Forum: Ruby Boyer-Moore string search algorithm in ruby

Announcement (2017-05-07): www.ruby-forum.com is now read-only since I unfortunately do not have the time to support and maintain the forum any more. Please see rubyonrails.org/community and ruby-lang.org/en/community for other Rails- und Ruby-related community platforms.
(Guest)
on 2007-07-22 07:25
(Received via mailing list)
I came across this post:
http://www.arnebrasseur.net/2007/02/26/boyer-moore...

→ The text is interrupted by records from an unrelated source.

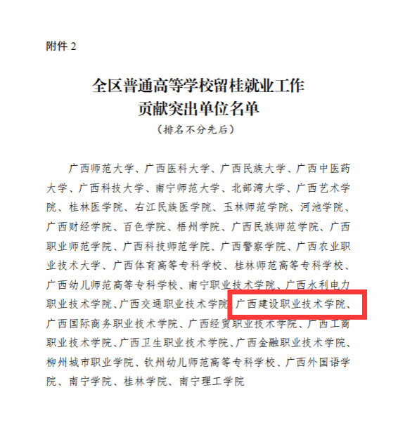 伟德国际1946源于英国12月29日讯(招生就业处 覃春华)近期,自治区教育厅下发《关于认定2023年全区普通高等学校就业创业工作突出单位和留桂就业工作贡献突出单位的通知》(桂教学生〔2023〕16号),伟德国际官网荣获“全区普通高等学校就业创业工作突出单位”“留桂就业工作贡献突出单位”荣誉称号。
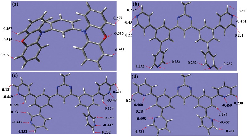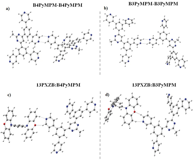 a)13PXZB、B4PyMPM、B3PyMPM和B2PyMPM的分子结构;
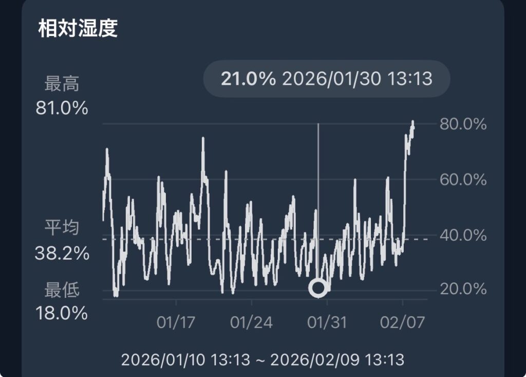 スマホで現在地の気温や湿度は知ることはできますので、それほど活躍する機会はないですが、アプリと連動しているので、記録される点はメリットですね。
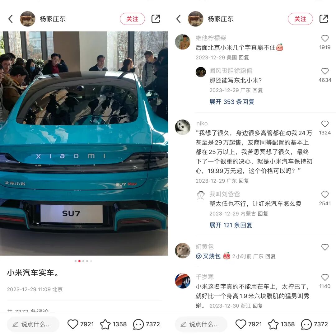 在网友最为关注的价格方面,众所周知,小米的底色曾是性价比、薄利多销和价格杀手。从“年轻人的第一台手机”到“年轻人的第一台电视”再到“年轻人的第一台两轮平衡车”,低价打法深入人心。因此对于小米汽车的定价,“9.9万元交个朋友”是众多网友的期许。

Does anyone know if this is already part of Ruby open source library?
I did not find anything on Google. TIA.
Nobuyoshi N. (Guest)
on 2007-07-22 13:22
(Received via mailing list)
Hi,

At Sun, 22 Jul 2007 12:25:01 +0900,
removed_email_address@domain.invalid wrote in [ruby-talk:261195]:
> Does anyone know if this is already part of Ruby open source library?
> I did not find anything on Google. TIA.

String#index uses Karp-Rabin algorithm, not Boyer-Moore.
Yukihiro M. (Guest)
on 2007-07-22 16:30
(Received via mailing list)
Hi,

In message "Re: Boyer-Moore string search algorithm in ruby"
    on Sun, 22 Jul 2007 18:21:18 +0900, "Nobuyoshi N."
<removed_email_address@domain.invalid> writes:

|removed_email_address@domain.invalid wrote in [ruby-talk:261195]:
|> Does anyone know if this is already part of Ruby open source library?
|> I did not find anything on Google. TIA.
|
|String#index uses Karp-Rabin algorithm, not Boyer-Moore.

1.8 regex engine uses modified Boyer-Moore search algorithm.

              matz.
Peter S. (Guest)
on 2007-07-22 22:06
(Received via mailing list)
In message
<removed_email_address@domain.invalid>,
"Nobuyoshi N." wr
ites:
>At Sun, 22 Jul 2007 12:25:01 +0900,
>removed_email_address@domain.invalid wrote in [ruby-talk:261195]:
>> Does anyone know if this is already part of Ruby open source library?
>> I did not find anything on Google. TIA.

>String#index uses Karp-Rabin algorithm, not Boyer-Moore.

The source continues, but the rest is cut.